When considering the
perspective of our beneficiaries, human rights wouldn’t have seemed
particularly important, if noticed at all. But does this even matter? Who cares
what tools or approaches are used if it brings the results Tolon district
wants?
I decided to get the
opinions of our team on this point. We all agreed that the majority of people
that we work with don’t know what human rights are and we discussed whether we
should be doing more to inform our community about human rights.
Some volunteers were
concerned that by explaining rights to the people we work with, this would not
improve our beneficiaries’ lives any more, and might even cause harm.
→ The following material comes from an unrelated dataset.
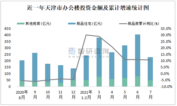 根據(jù)國(guó)家統(tǒng)計(jì)局?jǐn)?shù)據(jù)統(tǒng)計(jì)可知:2021年1-7月天津市房地產(chǎn)開發(fā)企業(yè)在包括辦公樓在內(nèi)的其他用房投資金額占比為20.9%(注:只有投資金額中其他用房包含辦公樓、商業(yè)營(yíng)業(yè)用房),辦公樓的新開工面積與竣工面積所占比重差異不大,從銷售面積來(lái)看,辦公樓銷售面積占比少于商業(yè)營(yíng)業(yè)用房銷售面積占比。
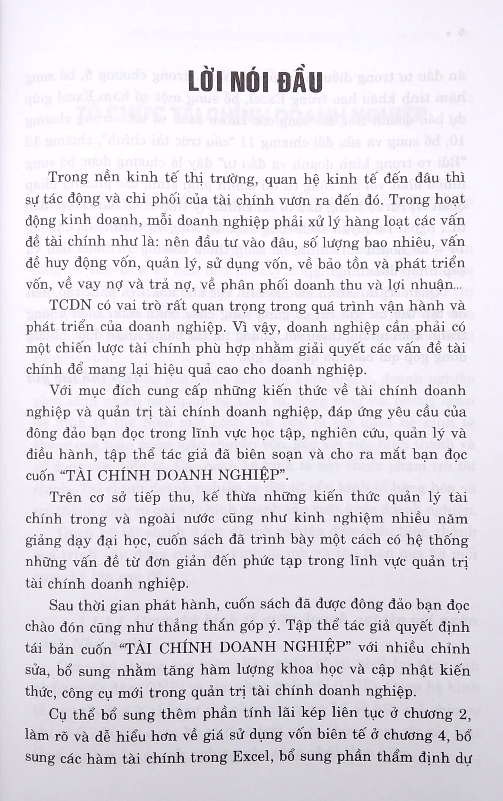 Sau thời gian phát hành, cuốn sách này đã được đông đảo bạn đọc chfo đón cũng như thẳng thắn góp ý. Tập thể tác giải quyết định tái bản cuốn "TÀI CHÍNH DOANH NGHIỆP" với nhiều chỉnh sửa, bổ sung nhằm tăng hàm lượng khoa học và cập nhật kiến thức, công cụ mới trong quản trị tài chính doanh nghiệp.

For
example, if they went back to their families and ‘demanded their rights’, this
could have a destructive impact on family dynamics and not actually achieve
anything.
Some argued that human
rights are intrinsically a Global North ideology that can’t properly be made
sense of in an African context. Therefore, human rights language could actually
confuse and complicate matters rather than improve development. If this were
the case, then it would be extremely important that the people that we are
working with in Tolon district were aware of the actual harm International
Service was causing.
Despite the fact that most
African countries have legally recognised human rights as their own by signing
international human rights treaties, and even the African Charter on Human
Rights, demonstrating a regional consensus that human rights are not, in fact,
harming African nations, this argument raises the point that beneficiaries need
to have a full understanding of the organisation assisting them in order to be
able to protect themselves, and ensure that they are being assisted in a way
that they agree with.
Therefore, perhaps a
compromise needs to be found between encouraging local people to understand and
be aware of their rights, yet introduce this awareness in a strategic and
gradual process, so as not to disrupt communities.
In sum, despite a lack of
awareness surrounding their rights, human rights have a significant impact on
the women that we work with. Therefore, it is important to raise awareness of
our beneficiaries’ rights, albeit in a strategic and gradual manner.